In a clear sky over the national capital, the full moon slowly slipped into the earth’s darker shadow starting just after 5.02 PM.
“The lunar eclipse started at 5:02 PM and could be seen with naked eyes,” Director of Nehru Planetarium, N Rathnasree said.
Astronomy enthusiasts and sky-gazers gathered at the Nehru Planetarium and India Gate to watch the moon’s bright white glow giving way to a cerise red.
Amateur Astronomers Association, in association with the Nehru Planetarium, had set up telescopes and cameras to enable people watch and take photographs of the celestial phenomenon.
“It was a memorable experience. I saw the moon slipping into the darker shadow,” Shreyansh, a school student, said.
The maximum eclipse was seen at 20:01:50 PM IST.
The eclipse began at 5.02 PM and will end at 11.02 PM.
While the noticeable Umbra phase began at 6.15 PM, it will end at 9.48 PM.
The sunlight passing through the Earth’s atmosphere gave the lunar surface a deep reddish hue.
A lunar eclipse occurs when the earth in course of its orbit around the sun, comes between the moon and sun in such a way that moon is hidden in the shadow cast by earth.

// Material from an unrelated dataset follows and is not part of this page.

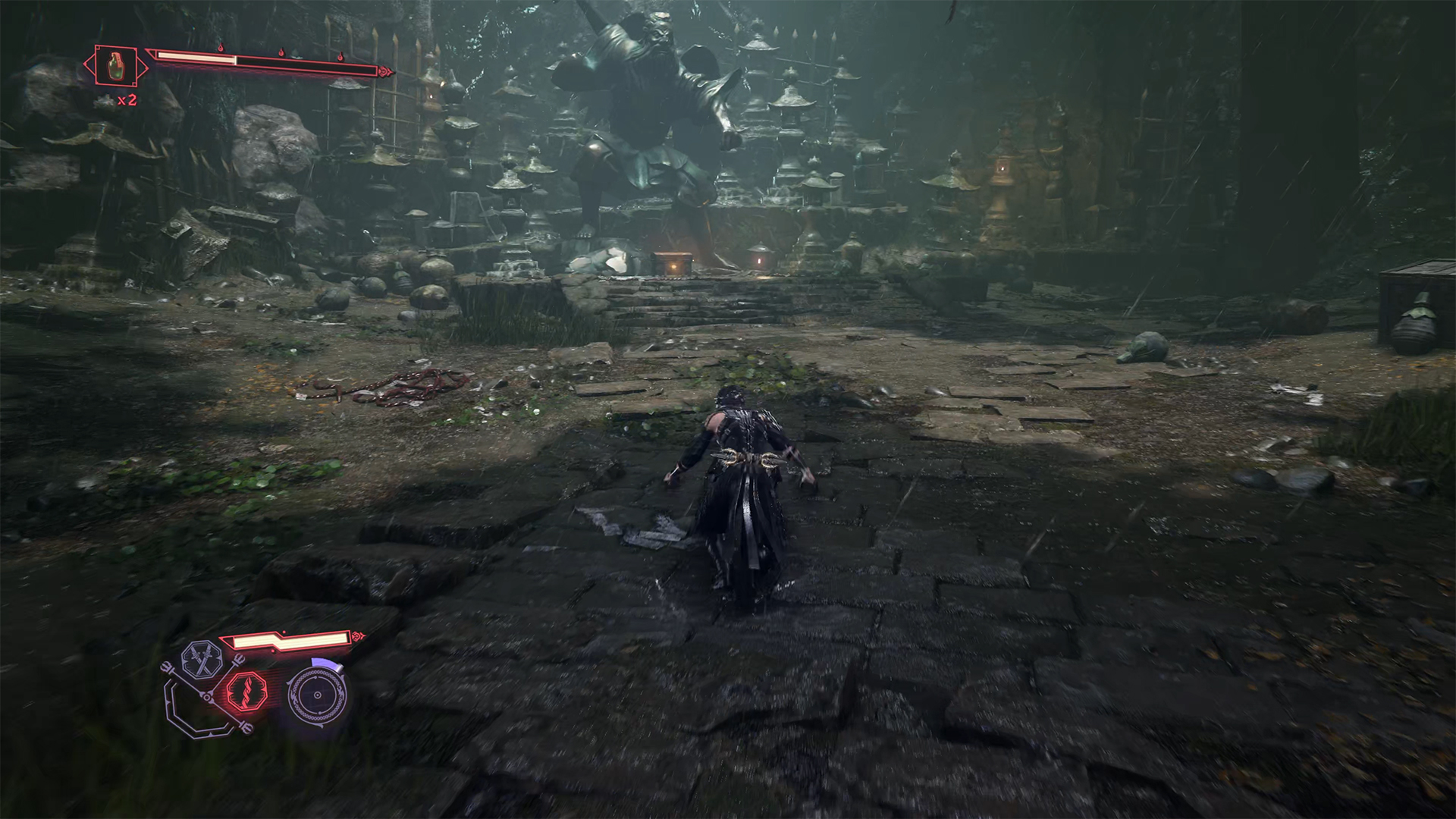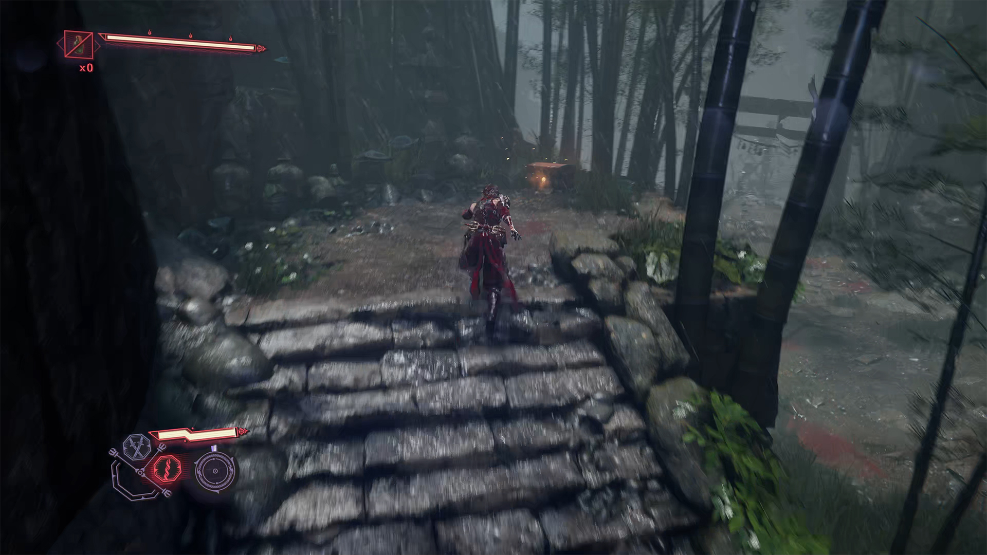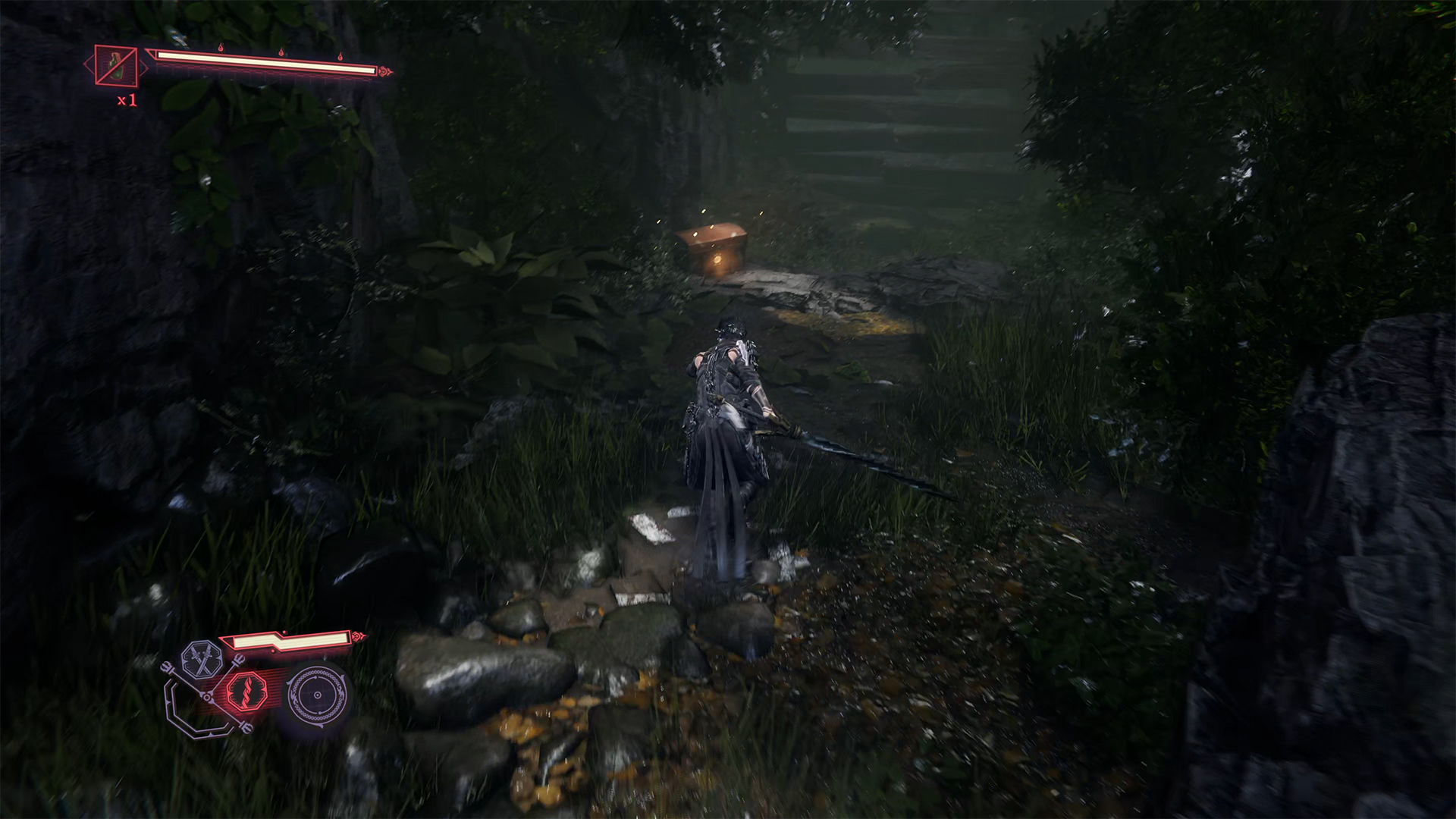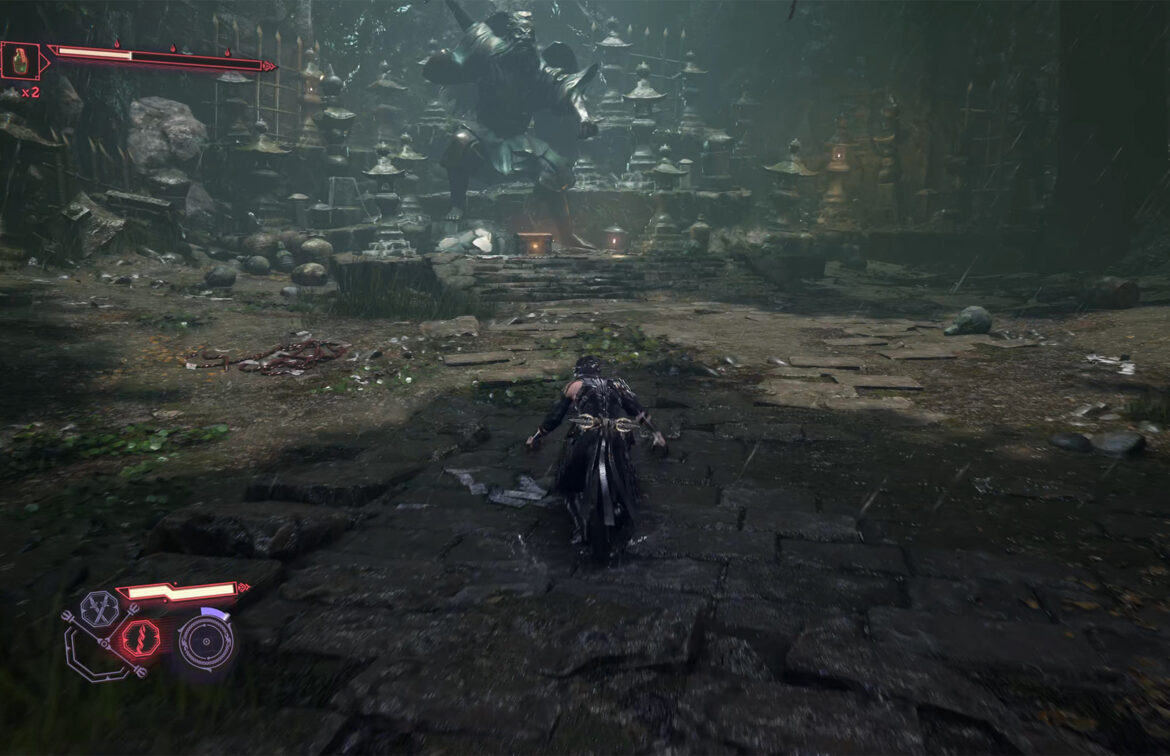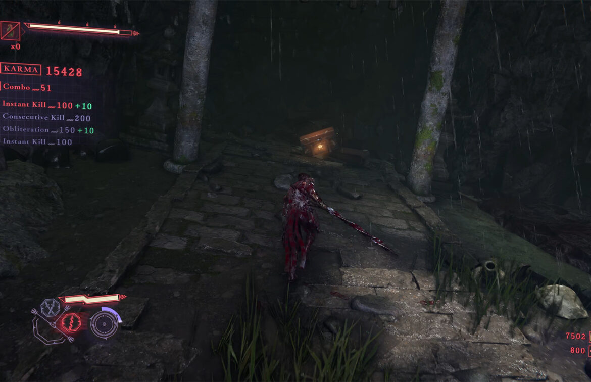Next, a fairly large location will open up before you. Here you will encounter Tengus for the first time. These are the creatures you saw in the cut scene at the beginning of the chapter. Now you have to fight them. They are not too difficult. The only caveat is that Tengus are in the air and you have to bring them down to fight. The easiest way is to throw a kunai at them several times and then continue the fight on the ground. You can just wait, and after a few attacks, they will come down to you. After the fight, find one chest with Rejuvenation Elixir, then turn around and find a second chest with Divine Life Elixir on the elevation to the left. After that, go forward, but turn left before the arch. At the bottom, after passing along the side wall, you will again engage in battle with two Tengus, and then you will be able to open the chest to get Incense of Rebirth.

This can occur only when the sun, earth and moon are aligned in a straight line, C. B. Devgun of Science Popularisation Association of Communicators and Educators (SPACE) said.
People living in eastern Africa, the Middle East, central Asia and western Australia will also able to watch the entire eclipse, from beginning to end, Arvind Paranjpye, scientific officer of Inter-University Centre for Astronomy and Astrophysics, said.